On March 17, 2016, OCIB, the Partnership and OCI USA entered into Amendment No. 5 (“Revolving Credit Amendment No. 5”) to the Revolving Credit Facility with Bank of America, N.A., as administrative agent, and the other lenders party thereto. The Revolving Credit Amendment No. 5 among other things increased the applicable margin by 0.75% and increased the applicable commitment fee to 1.40% per annum.
Due to these amendments to our credit facilities, we estimate our interest payments on third party debt has increased by approximately $12.6 million from what we disclosed in the contractual obligations table included in our Annual Report.

OFF-BALANCE SHEET ARRANGEMENTS
None.
  
RECENTLY ISSUED ACCOUNTING STANDARDS
The Financial Accounting Standards Board (“FASB”) Accounting Standards Codification is the sole source of authoritative GAAP other than SEC issued rules and regulations that apply only to SEC registrants. The FASB issues Accounting Standards Updates (“ASU”) to communicate changes to the codification. The Partnership considers the applicability and impact of all ASU’s. The following are those ASU’s that are relevant to the Partnership.
On November 20, 2015, the FASB issued ASU No. 2015-17, Income Taxes (Topic 740): Balance Sheet Classification of Deferred Taxes. The FASB issued this ASU as part of its initiative to reduce complexity in accounting standards and improve comparability between GAAP and International Financial Reporting Standards (“IFRS”). Current GAAP requires an entity to separate deferred income tax liabilities and assets into current and noncurrent amounts in a classified statement of financial position. To simplify the presentation of deferred income taxes and to align the presentation of deferred income tax assets and liabilities with IFRS, the amendments in this ASU require that deferred tax liabilities and assets be classified as noncurrent in a classified statement of financial position. The amendments in this ASU are effective for fiscal years beginning after December 15, 2016, including interim periods within those fiscal years. A reporting entity can apply the amendments either prospectively or retrospectively, with earlier application permitted as of the beginning of an interim or annual reporting period. The adoption of ASU 2015-17 is not expected to have a material impact on the Partnership’s consolidated financial statements.
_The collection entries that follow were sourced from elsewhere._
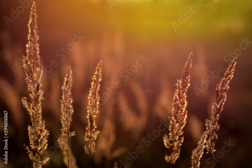 © Aleksandr Kalegin, Fototapeta premium Background yellow blades of grass glowing in the sun. Close-up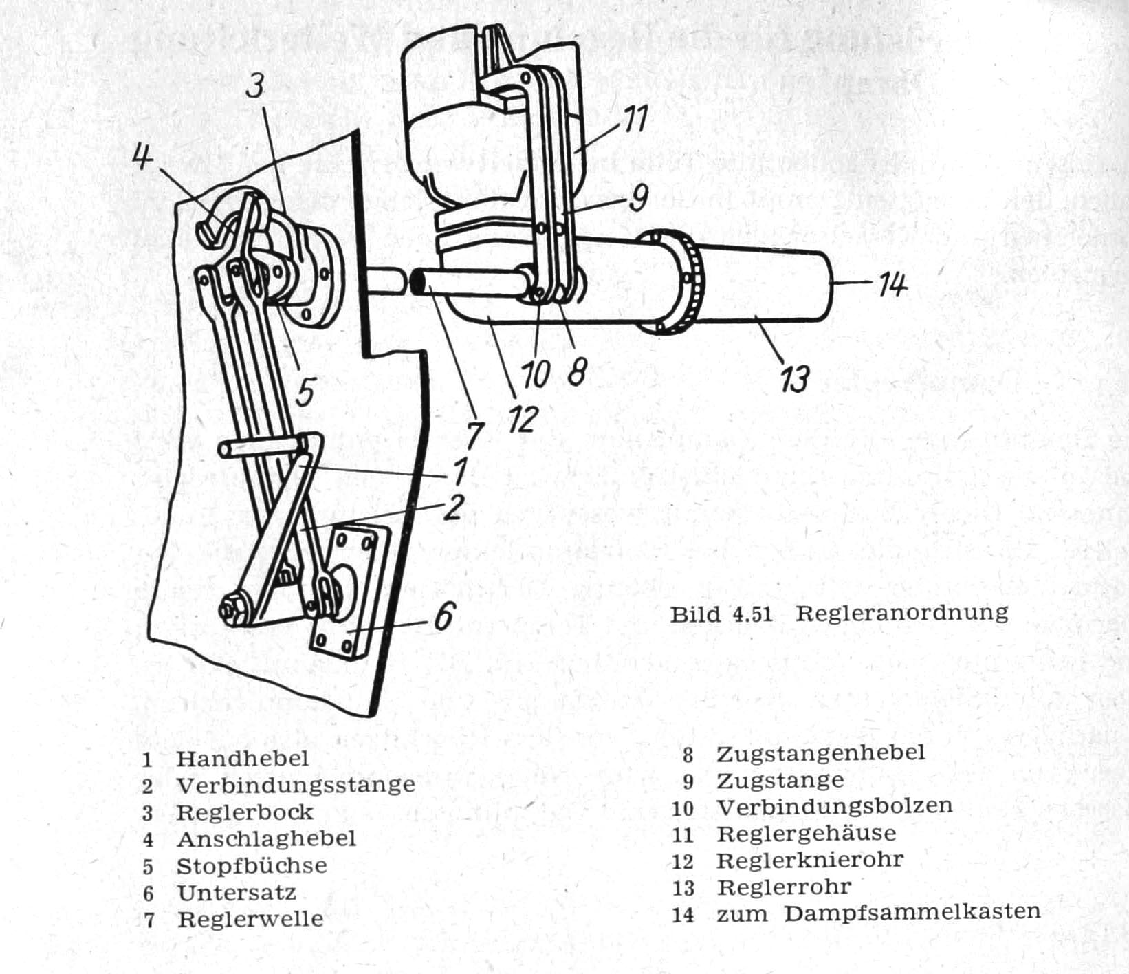 U pruských a později německých lokomotiv býval regulátor v parním dómu a ovládací hřídel procházela podélně kotlem nad topeništěm. Ovládání se provádělo pákou. Na výkresu je pruská S10, ale G10, která pochází ze stejné doby, byla konstruována podobně.
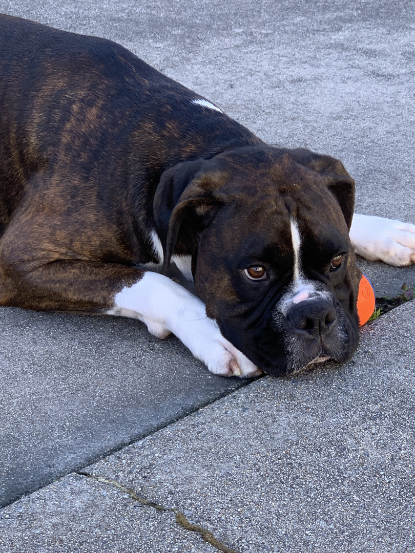 Ball! He loves a good ball but hopefully you got your running shoes on. He’s in it for the chase! Go-to treat woulda be banana! He can be in a dead sleep and wake up for a one!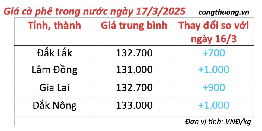 | Bảng giá cà phê trong nước cập nhật chiều ngày 17/3/2025 |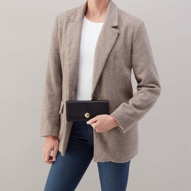 The Hutton Large Wallet by Hobo is a timeless continental wallet designed for those who appreciate enduring craftsmanship. Crafted from supple micrograin leather, it develops character with every use—a piece meant to be worn and loved for years to come. Featuring a secure magnet snap closure, this wallet keeps your essentials protected. With capacity for 12 cards and generous bill storage, you'll have everything you need without compromise.

On July 22, 2015, the FASB issued ASU No. 2015-11, Inventory (Topic 330): Simplifying the Measurement of Inventory. The FASB issued this ASU as part of its initiative to reduce complexity in accounting standards and improve comparability between GAAP and IFRS. The amendments in ASU 2015-11 change the measurement principle for inventory from the lower of cost or market to the lower of cost and net realizable value. Net realizable value is the estimated selling prices in the ordinary course of business, less reasonably predictable costs of completion, disposal and transportation. The amendments in this ASU are effective for fiscal years beginning after December 15, 2016, including interim periods within fiscal years beginning after December 15, 2017. A reporting entity should apply the amendments prospectively with earlier application permitted as of the beginning of an interim or annual reporting period. The adoption of ASU 2015-11 is not expected to have a material impact on the Partnership’s consolidated financial statements.
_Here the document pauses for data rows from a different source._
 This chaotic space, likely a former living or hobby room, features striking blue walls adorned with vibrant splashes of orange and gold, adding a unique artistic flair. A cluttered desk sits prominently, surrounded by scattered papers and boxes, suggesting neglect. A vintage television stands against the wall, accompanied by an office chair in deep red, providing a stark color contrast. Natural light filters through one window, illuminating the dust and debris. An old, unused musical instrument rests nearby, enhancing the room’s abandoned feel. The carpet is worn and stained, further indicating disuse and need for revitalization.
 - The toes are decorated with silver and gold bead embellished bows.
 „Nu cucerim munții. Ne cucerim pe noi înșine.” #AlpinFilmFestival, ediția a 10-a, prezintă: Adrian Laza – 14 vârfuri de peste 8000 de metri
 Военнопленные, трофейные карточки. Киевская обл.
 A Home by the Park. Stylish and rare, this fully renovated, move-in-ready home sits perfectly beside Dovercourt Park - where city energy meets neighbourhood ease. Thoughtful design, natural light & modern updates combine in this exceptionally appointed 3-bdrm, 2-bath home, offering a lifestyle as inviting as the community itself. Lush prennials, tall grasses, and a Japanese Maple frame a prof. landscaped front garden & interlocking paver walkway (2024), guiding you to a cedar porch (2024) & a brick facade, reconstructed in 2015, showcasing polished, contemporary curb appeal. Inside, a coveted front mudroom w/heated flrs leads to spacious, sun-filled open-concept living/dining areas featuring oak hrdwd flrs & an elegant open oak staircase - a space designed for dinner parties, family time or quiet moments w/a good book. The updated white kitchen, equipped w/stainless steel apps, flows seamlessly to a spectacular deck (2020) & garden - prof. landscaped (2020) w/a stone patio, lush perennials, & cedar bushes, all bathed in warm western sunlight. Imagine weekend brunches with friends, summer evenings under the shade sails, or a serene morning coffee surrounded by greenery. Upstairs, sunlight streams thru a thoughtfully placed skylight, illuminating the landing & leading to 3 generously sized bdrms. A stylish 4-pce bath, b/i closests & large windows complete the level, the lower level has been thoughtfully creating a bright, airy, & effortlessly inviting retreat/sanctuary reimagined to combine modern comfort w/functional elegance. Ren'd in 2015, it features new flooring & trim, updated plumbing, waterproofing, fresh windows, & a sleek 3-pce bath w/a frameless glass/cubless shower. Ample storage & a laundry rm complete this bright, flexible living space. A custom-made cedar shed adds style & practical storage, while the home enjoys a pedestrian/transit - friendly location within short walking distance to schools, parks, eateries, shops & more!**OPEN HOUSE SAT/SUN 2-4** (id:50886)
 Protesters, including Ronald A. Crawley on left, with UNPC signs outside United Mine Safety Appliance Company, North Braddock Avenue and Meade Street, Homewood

On May 28, 2014 the FASB issued ASU No. 2014-09, Revenue from Contracts with Customers, which requires an entity to recognize the amount of revenue which it expects to be entitled for the transfer of promised goods or services to customers. The ASU will replace most existing revenue recognition guidance in GAAP when it becomes effective. The standard is effective for interim and annual periods beginning after December 15, 2017 and permits the use of either retrospective or cumulative effect transition method. Early adoption is permitted for annual periods beginning after December 15, 2016. The Partnership is evaluating the effect that ASU 2014-09 will have on its consolidated financial statements and related disclosures.

39


The Partnership has not yet selected a transition method nor has it determined the effect of the standard on its ongoing financial reporting.
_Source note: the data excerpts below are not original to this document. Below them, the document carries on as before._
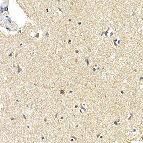 Immunohistochemistry of paraffin-embedded human brain using [KO Validated] LC3B Rabbit mAb (A19665) at dilution of 1:100(40x lens). Perform high pressure antigen retrieval with 10 mM citrate buffer pH 6.0 before commencing with IHC staining protocol.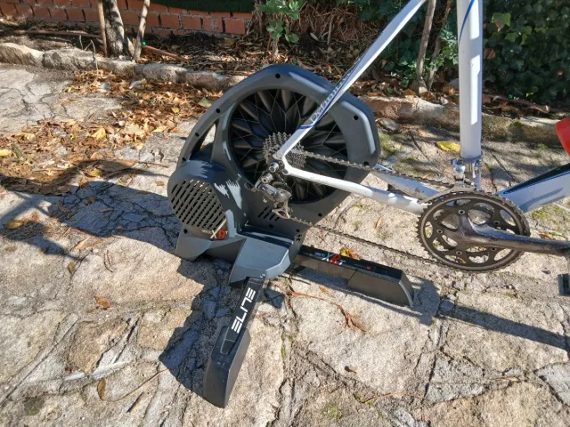 Detalles del productoRodillo de entrenamiento para bicicletas de la marca Elite. Permite simular el pedaleo en interiores.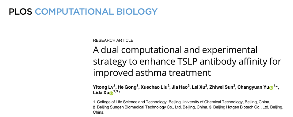 近日,熱景生物“X-Gen AI新藥發(fā)現(xiàn)與設(shè)計(jì)研究中心”在生物信息學(xué)與計(jì)算生物學(xué)領(lǐng)域高影響力經(jīng)典期刊PLOS Computational Biology上發(fā)表了題為“A Dual Computational and Experimental Strategy to Enhance TSLP Antibody Affinity for Improved Asthma Treatment” 的論文(doi: 10.1371/journal.pcbi.1011984)。“X-Gen AI新藥發(fā)現(xiàn)與設(shè)計(jì)研究中心”聯(lián)合培養(yǎng)博士生呂祎彤為論文第一作者,許立達(dá)研究員為論文主要通訊作者,北京化工大學(xué)喻長(zhǎng)遠(yuǎn)教授為共同通訊作者,舜景生物孫志偉總經(jīng)理為該套流程的搭建提供了極其重要的指導(dǎo)。
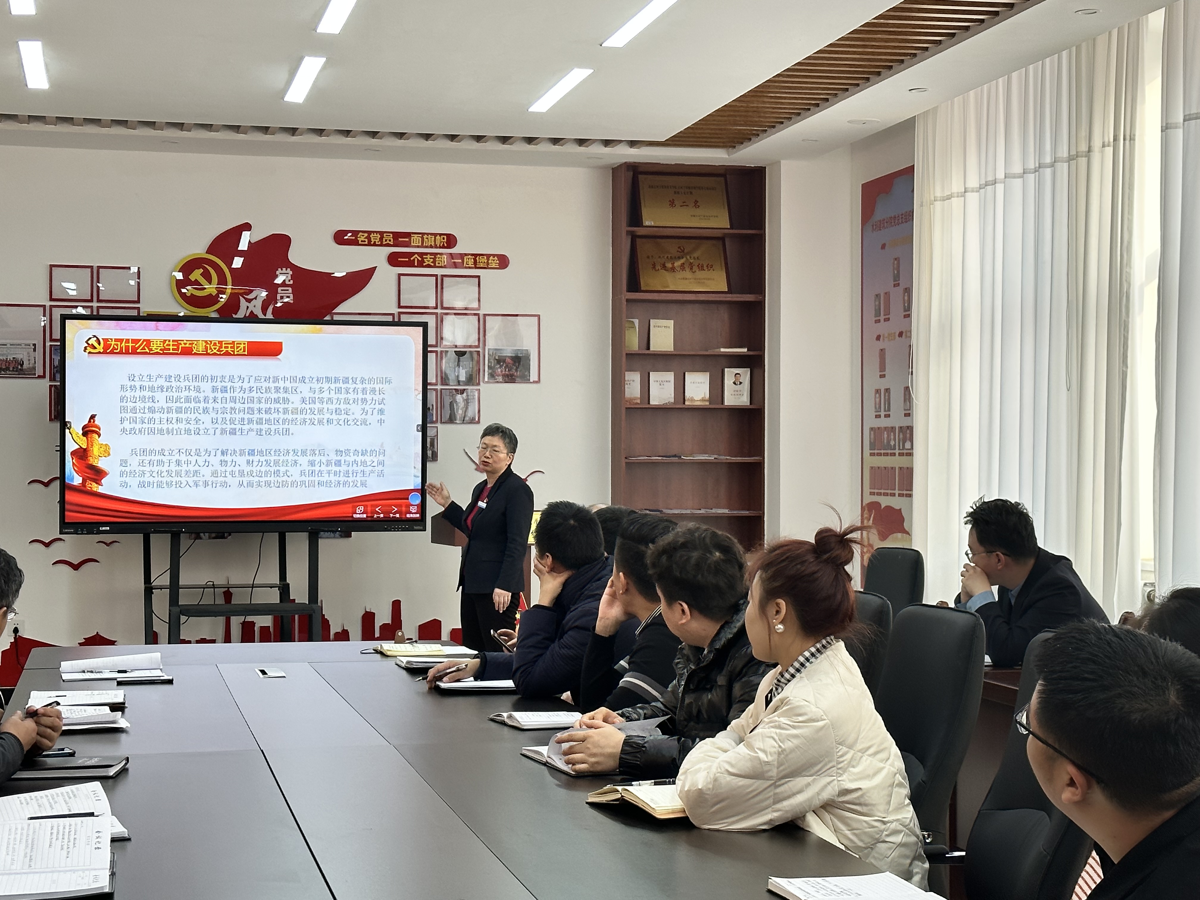 本次活动旨在让全院教师们了解兵团历史,感悟兵团精神。韩东书记强调,兵团精神凝聚着几代军垦人的智慧和汗水,希望通过此次活动,让每一位教师都能深刻理解和感受到兵团精神的伟大。学院教师共同观看纪录片《兵团记忆》,纪录片详细记录了兵团成立70年来的光辉历程,展现了兵团人艰苦创业、无私奉献的精神风貌。在“传承军垦家风”为主题的座谈会上,王海英老师、吴合老师分享了各自的家风故事,分别讲述了自己的父辈、祖辈们在这片土地上挥洒汗水,以无私奉献的精神建设边疆的事迹,这些故事深深打动了每位与会教师。与会教师纷纷表示,通过本次活动,加深了对兵团精神的理解和感悟,在今后的教学生涯中,将以实际行动弘扬和传承兵团精神。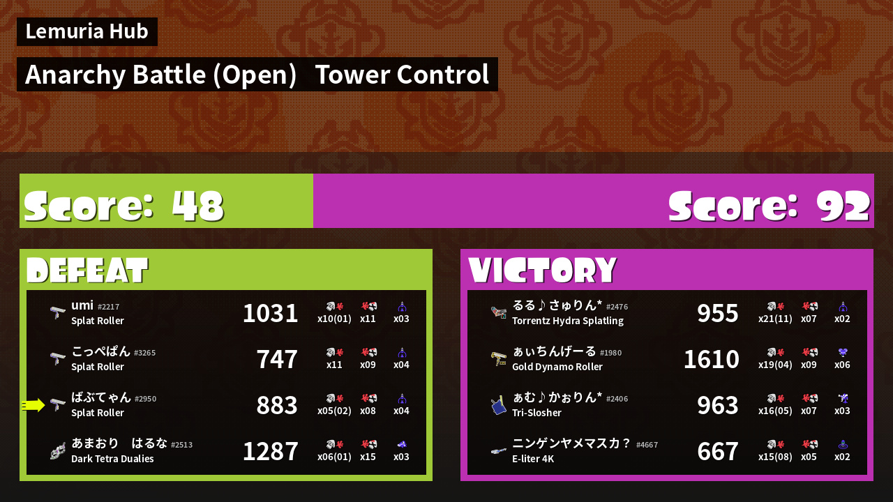 | Mode | Tower Control - Anarchy Battle (Open) | ||
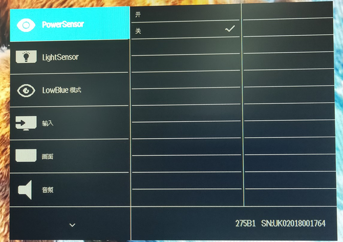 LowBlue低蓝光模式则是飞利浦旗下显示器家族的一个重要功能,打开之后就可以降低蓝光,配合不闪屏能够有效的减少蓝光对眼睛的伤害,这个功能在飞利浦275B1N中也被得到了保留与继承,开启后则可选择4种档位。左图为开启LowBlue、右图为关闭。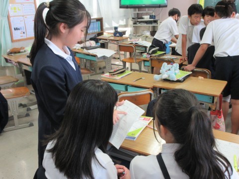 3組は理科。月と太陽のまとめプリントに取り組んでいました。友だちと教え合う姿が素敵です♡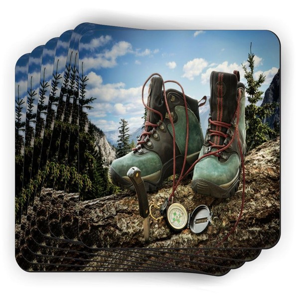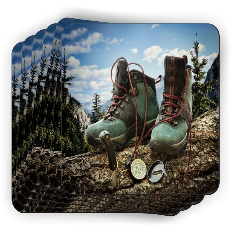 3.5 Inch Soft Square Coasters Art (x8)- Hiking Boots you're The with Compass Pink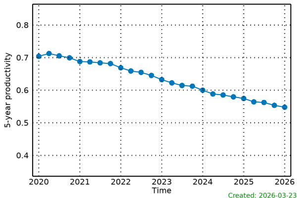 The plot below shows the 5-year productivities of early-career, mid-career and senior researchers. The grey line shows the 5-year productivity for all authors.
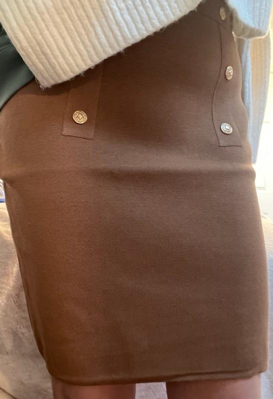 Super cute and comfortable sweater skirt. The buttons add nice detail as well. I appreciate the stretch in the material for added comfort. The color is perfect for the holidays.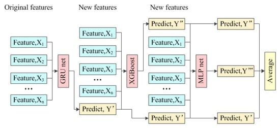Firstly, a gated recurrent unit network (GRU) is trained with all original features, and the performance of the trained GRU network is tested based on a training set and a testing set. The original features and the predicted output power will form new features for the next model. Secondly, an XGBoost is trained with new features, and the performance of the trained XGBoost is also tested based on a training set and a testing set. The original features, the predicted output powers from the GRU network, and XGBoost again form new features for the next model. Thirdly, a multi-layer perceptron network (MLP) is trained with new features, and the performance of the trained MLP network is examined using the test set. Finally, the predicted output powers from the GRU network, XGBoost, and MLP network on the test set are averaged to get the final results.

Critical Accounting Policies
Management’s Discussion and Analysis of Financial Condition and Results of Operations is based upon our unaudited condensed consolidated financial statements, which have been prepared in accordance with GAAP. The preparation of financial statements in conformity with GAAP requires management to make estimates and assumptions that affect the reported amounts of assets and liabilities, the disclosure of contingent assets and liabilities at the dates of the financial statements and the reported amounts of revenues and expenses during the reporting periods. Accuracy of estimates is based on the accuracy of information used. There has been no material change to our critical accounting policies and estimates from the information provided in our Annual Report.
 
ITEM 3. QUANTITATIVE AND QUALITATIVE DISCLOSURES ABOUT MARKET RISK
Interest Rate Risk. We are exposed to interest rate risk related to our borrowings. As of March 31, 2016, interest on borrowings under the Term Loan B Credit Facility accrued, at OCIB’s option, at adjusted LIBOR plus 6.75% per annum or the alternate base rate plus 5.75%. Interest on borrowings under the Revolving Credit Facility accrued, at OCIB’s option, at LIBOR plus 3.50% per annum or the alternate base rate plus 2.50%. Interest on borrowings under the Intercompany Revolving Facility and the Intercompany Term Facility, will accrue at the rate equal to the sum of (a) the rate per annum applicable to the loans under the Term Loan B Credit Facility (including as such per annum rate may fluctuate from time to time in accordance with the terms of the agreement governing the Term Loan B Credit Facility), plus (b) 25 basis points. Based upon the outstanding balances of our variable-interest rate debt at March 31, 2016, and assuming interest rates are above the applicable minimum, a hypothetical increase or decrease of 100 basis points would result in an increase or decrease to our annual interest expense of approximately $4.7 million.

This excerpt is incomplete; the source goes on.